EXERCISE INPUTS
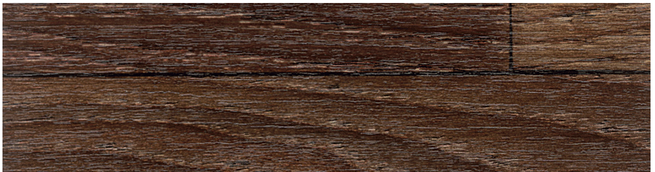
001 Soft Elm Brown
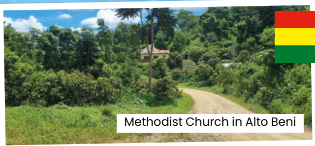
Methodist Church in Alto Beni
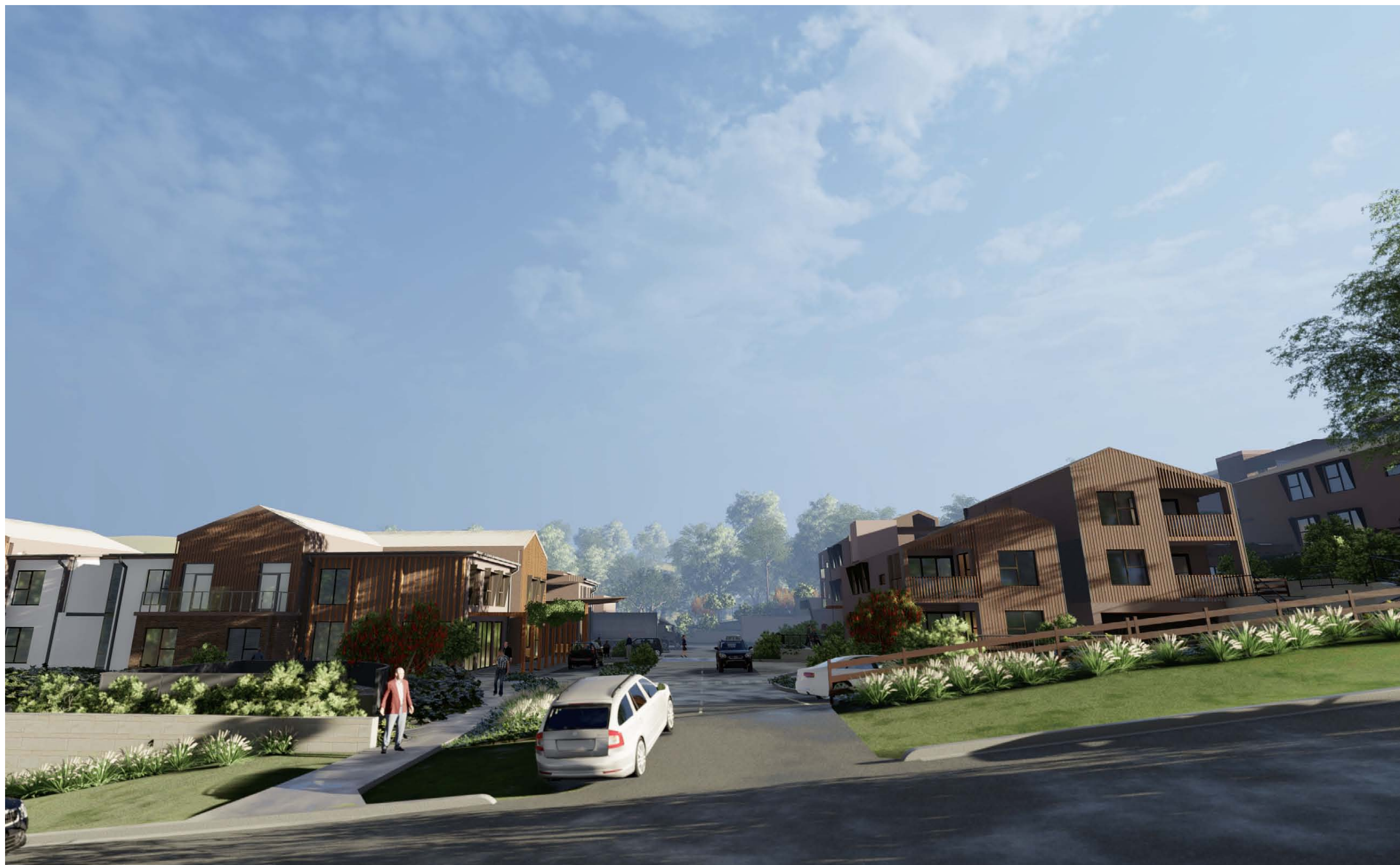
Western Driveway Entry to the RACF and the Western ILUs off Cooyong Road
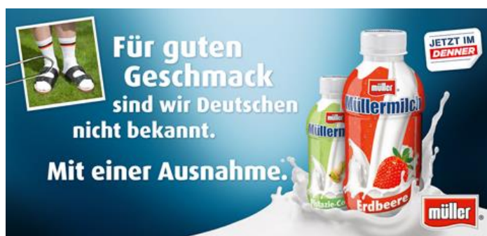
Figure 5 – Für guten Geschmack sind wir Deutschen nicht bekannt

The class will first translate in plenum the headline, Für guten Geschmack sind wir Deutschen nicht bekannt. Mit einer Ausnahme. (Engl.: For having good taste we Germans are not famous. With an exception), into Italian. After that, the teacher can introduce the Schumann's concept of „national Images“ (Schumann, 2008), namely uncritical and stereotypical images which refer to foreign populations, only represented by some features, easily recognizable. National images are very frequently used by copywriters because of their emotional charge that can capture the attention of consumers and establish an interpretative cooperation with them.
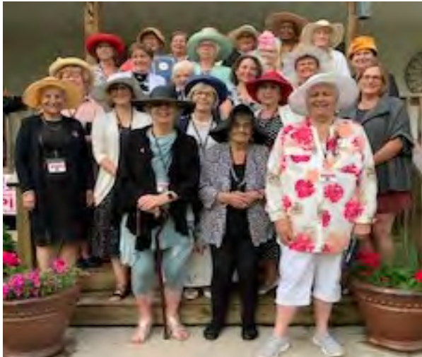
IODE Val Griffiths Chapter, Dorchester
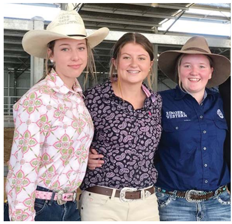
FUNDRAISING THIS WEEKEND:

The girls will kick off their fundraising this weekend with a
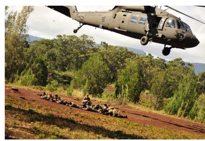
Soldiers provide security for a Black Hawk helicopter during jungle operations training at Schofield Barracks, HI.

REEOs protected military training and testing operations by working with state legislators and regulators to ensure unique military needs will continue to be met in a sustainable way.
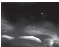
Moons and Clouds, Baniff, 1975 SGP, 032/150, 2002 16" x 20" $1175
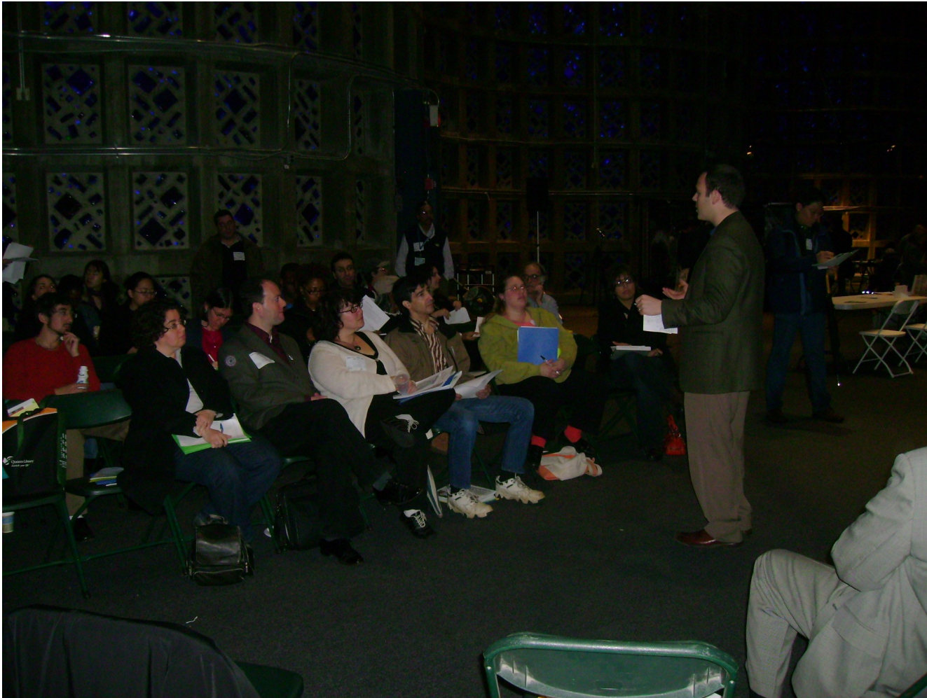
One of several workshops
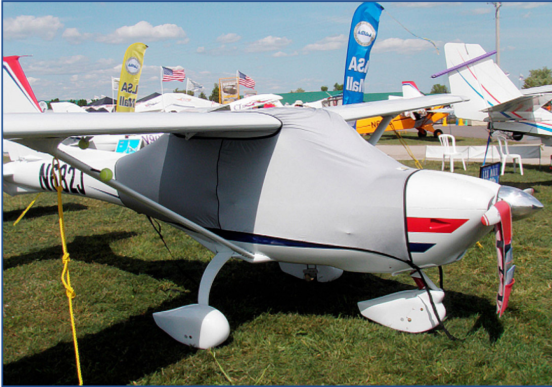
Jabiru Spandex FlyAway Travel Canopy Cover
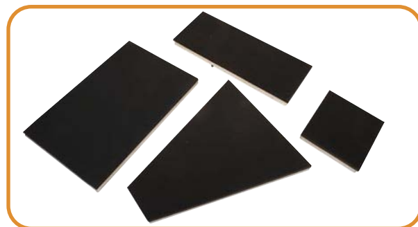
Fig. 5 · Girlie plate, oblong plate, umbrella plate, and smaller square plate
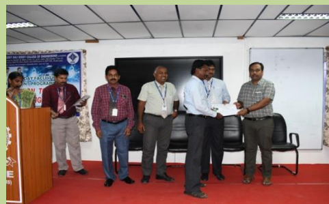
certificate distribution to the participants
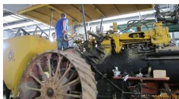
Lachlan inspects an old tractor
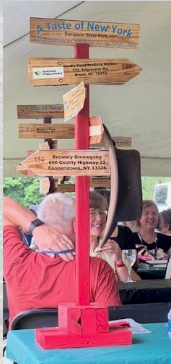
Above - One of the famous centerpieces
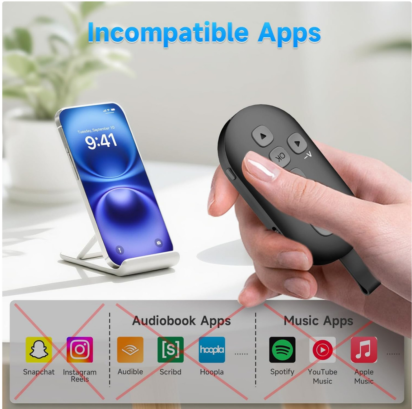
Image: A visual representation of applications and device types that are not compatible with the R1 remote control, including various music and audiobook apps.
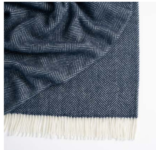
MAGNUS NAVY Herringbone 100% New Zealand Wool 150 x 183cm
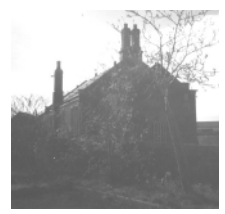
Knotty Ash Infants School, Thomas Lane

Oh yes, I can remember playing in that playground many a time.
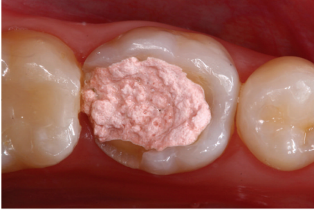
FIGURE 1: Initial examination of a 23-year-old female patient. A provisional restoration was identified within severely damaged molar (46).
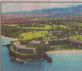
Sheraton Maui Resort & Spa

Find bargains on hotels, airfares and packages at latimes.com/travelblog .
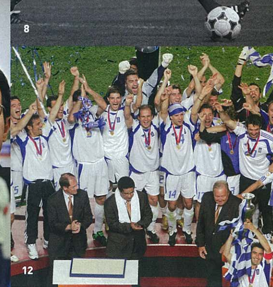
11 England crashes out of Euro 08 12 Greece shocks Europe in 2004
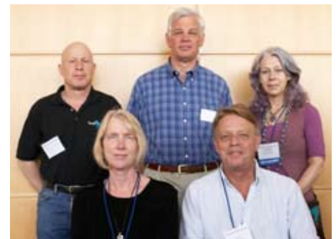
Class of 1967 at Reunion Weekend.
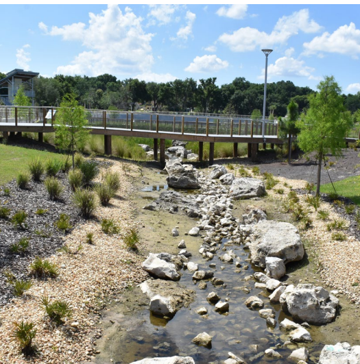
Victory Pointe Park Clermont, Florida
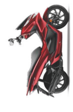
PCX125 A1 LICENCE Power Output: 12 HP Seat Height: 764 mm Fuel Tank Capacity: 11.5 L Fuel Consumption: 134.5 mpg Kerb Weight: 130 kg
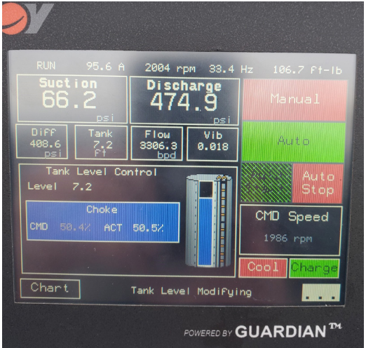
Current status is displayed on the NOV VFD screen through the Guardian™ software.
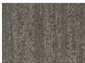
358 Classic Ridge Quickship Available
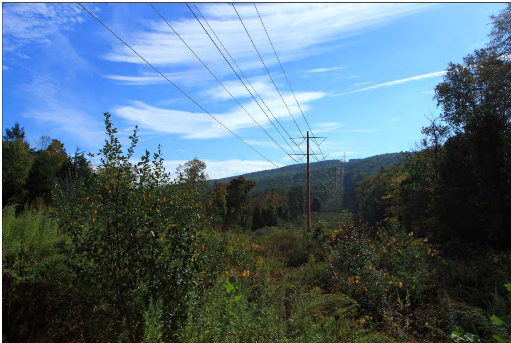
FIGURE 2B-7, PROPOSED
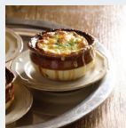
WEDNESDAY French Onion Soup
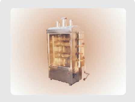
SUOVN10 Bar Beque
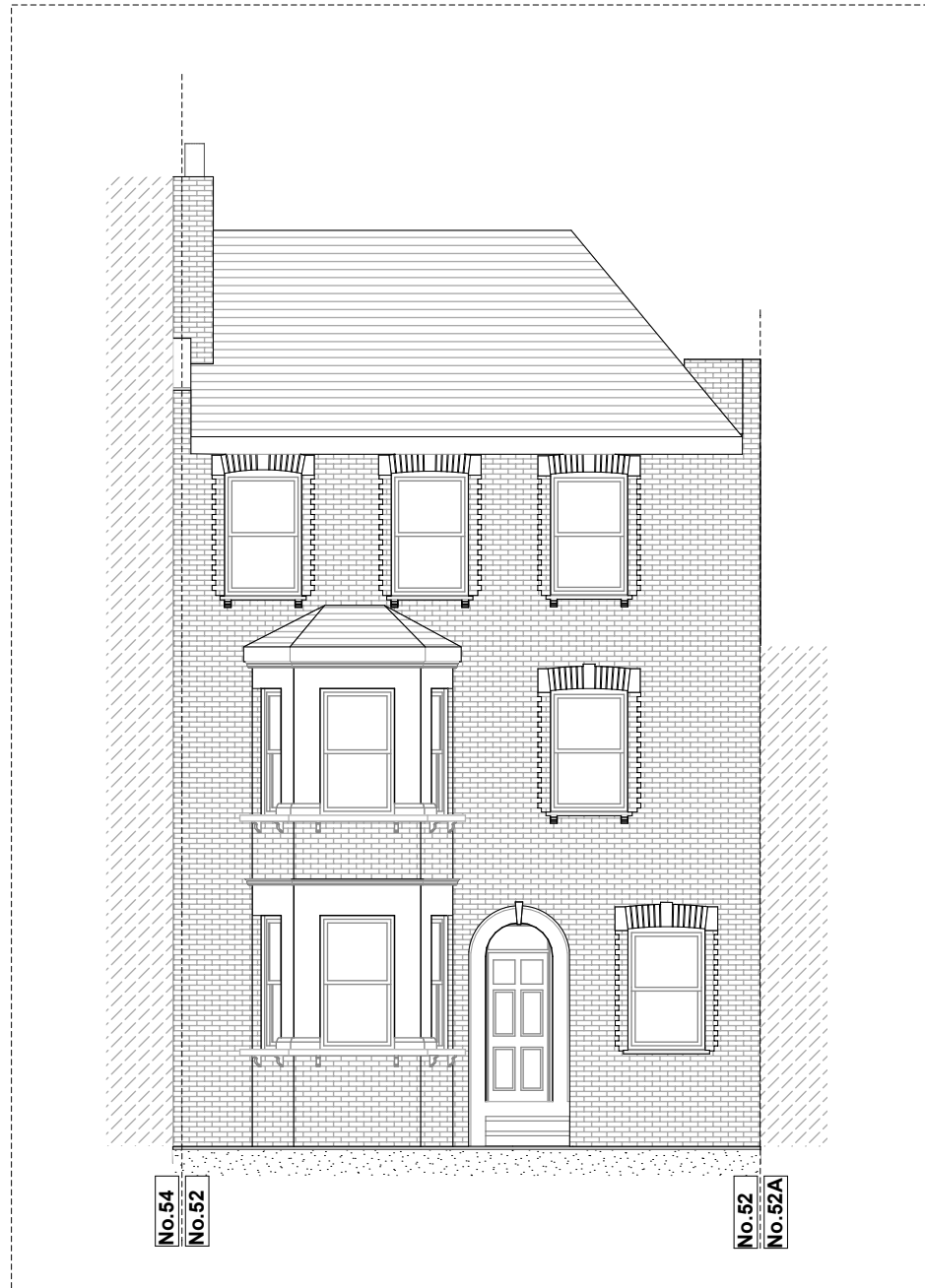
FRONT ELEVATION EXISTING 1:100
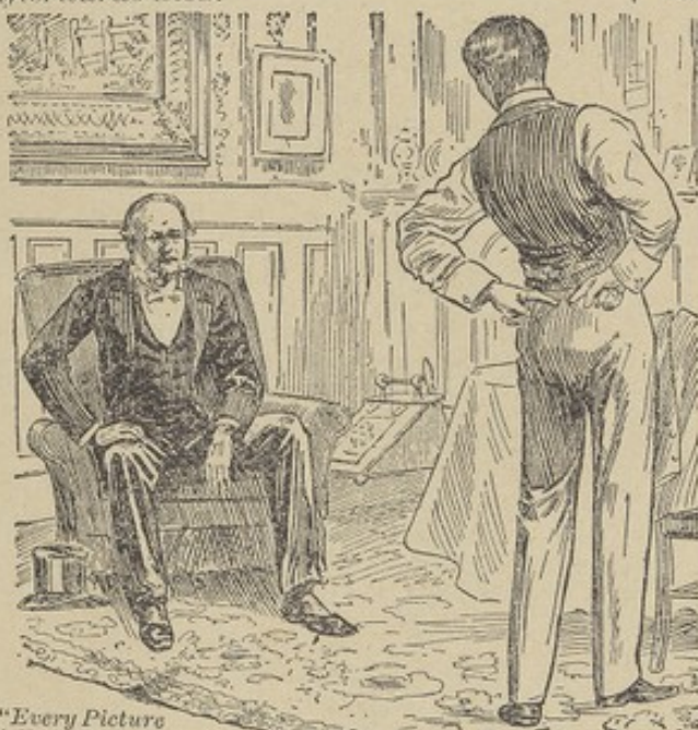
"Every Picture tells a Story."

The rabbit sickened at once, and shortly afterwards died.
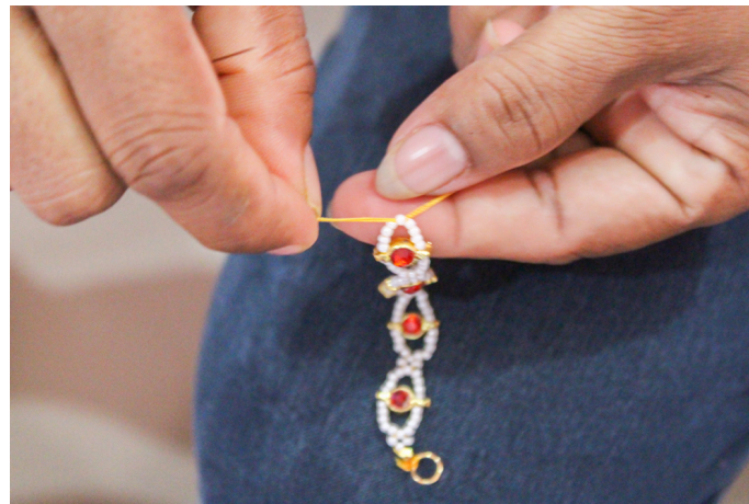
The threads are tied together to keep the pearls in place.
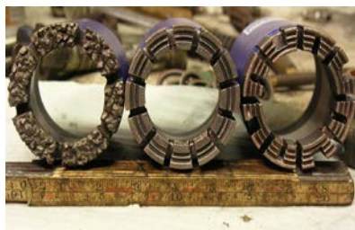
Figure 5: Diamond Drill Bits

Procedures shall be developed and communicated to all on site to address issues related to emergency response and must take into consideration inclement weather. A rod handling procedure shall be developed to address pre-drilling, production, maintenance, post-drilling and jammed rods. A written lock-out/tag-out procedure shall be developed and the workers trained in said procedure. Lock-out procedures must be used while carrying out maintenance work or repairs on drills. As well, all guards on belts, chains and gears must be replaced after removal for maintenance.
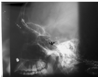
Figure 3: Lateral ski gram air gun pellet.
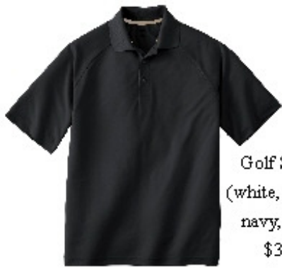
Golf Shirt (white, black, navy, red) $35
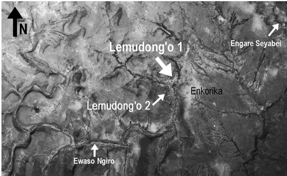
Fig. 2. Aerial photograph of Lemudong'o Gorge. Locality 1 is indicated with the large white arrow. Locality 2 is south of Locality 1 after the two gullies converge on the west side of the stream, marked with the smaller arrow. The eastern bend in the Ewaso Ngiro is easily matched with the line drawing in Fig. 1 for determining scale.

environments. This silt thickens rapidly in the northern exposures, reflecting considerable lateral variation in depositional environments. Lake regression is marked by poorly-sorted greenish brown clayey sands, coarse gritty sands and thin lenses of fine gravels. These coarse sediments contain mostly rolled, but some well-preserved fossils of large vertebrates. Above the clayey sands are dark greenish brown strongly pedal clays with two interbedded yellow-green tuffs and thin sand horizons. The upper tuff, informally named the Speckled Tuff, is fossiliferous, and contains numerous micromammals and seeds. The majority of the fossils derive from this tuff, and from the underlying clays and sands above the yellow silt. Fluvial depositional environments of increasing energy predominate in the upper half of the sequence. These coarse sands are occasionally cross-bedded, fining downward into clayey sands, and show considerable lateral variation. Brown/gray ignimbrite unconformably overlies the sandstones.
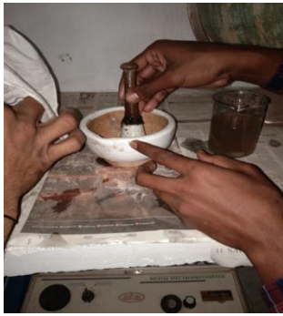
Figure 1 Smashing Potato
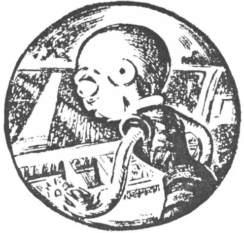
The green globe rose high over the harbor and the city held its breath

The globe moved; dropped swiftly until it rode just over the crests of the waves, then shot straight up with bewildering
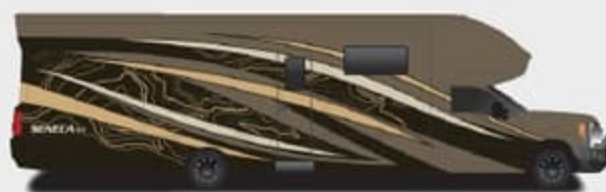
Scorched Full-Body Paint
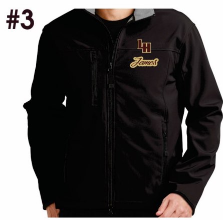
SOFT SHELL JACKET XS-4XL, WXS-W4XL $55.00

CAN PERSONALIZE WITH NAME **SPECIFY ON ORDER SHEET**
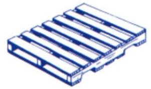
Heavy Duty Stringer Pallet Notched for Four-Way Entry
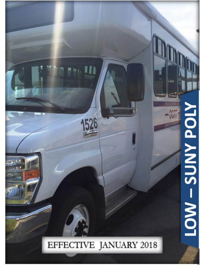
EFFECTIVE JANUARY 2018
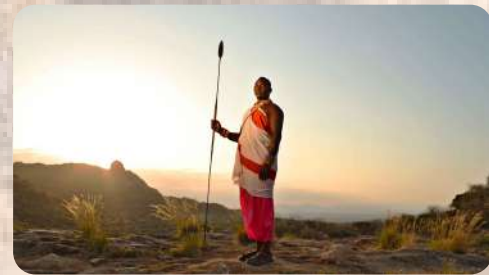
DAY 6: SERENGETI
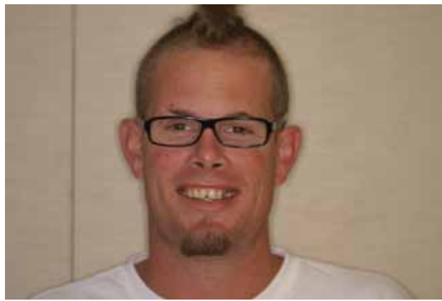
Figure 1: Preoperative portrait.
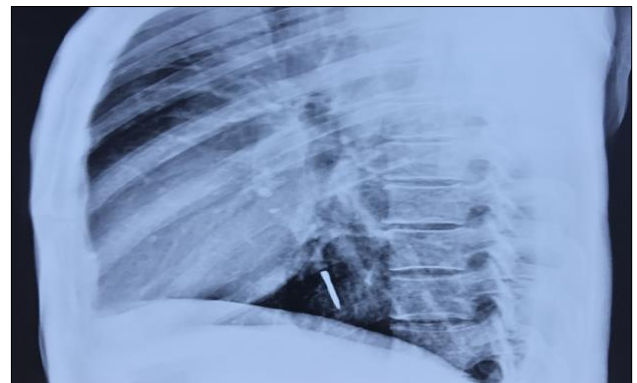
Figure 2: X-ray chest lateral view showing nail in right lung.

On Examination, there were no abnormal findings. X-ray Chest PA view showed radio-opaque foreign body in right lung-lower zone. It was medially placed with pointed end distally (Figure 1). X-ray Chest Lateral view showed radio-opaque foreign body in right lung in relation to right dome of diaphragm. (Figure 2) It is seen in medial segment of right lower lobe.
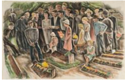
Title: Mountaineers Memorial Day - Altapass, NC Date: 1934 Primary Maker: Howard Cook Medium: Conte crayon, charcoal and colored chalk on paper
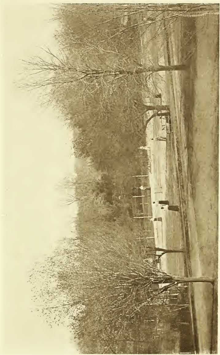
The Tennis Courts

PROBLEM
Lines that contain the string "view" should be copied from the material above.

TASK RESULT
Figure 2: X-ray chest lateral view showing nail in right lung.
On Examination, there were no abnormal findings. X-ray Chest PA view showed radio-opaque foreign body in right lung-lower zone. It was medially placed with pointed end distally (Figure 1). X-ray Chest Lateral view showed radio-opaque foreign body in right lung in relation to right dome of diaphragm. (Figure 2) It is seen in medial segment of right lower lobe.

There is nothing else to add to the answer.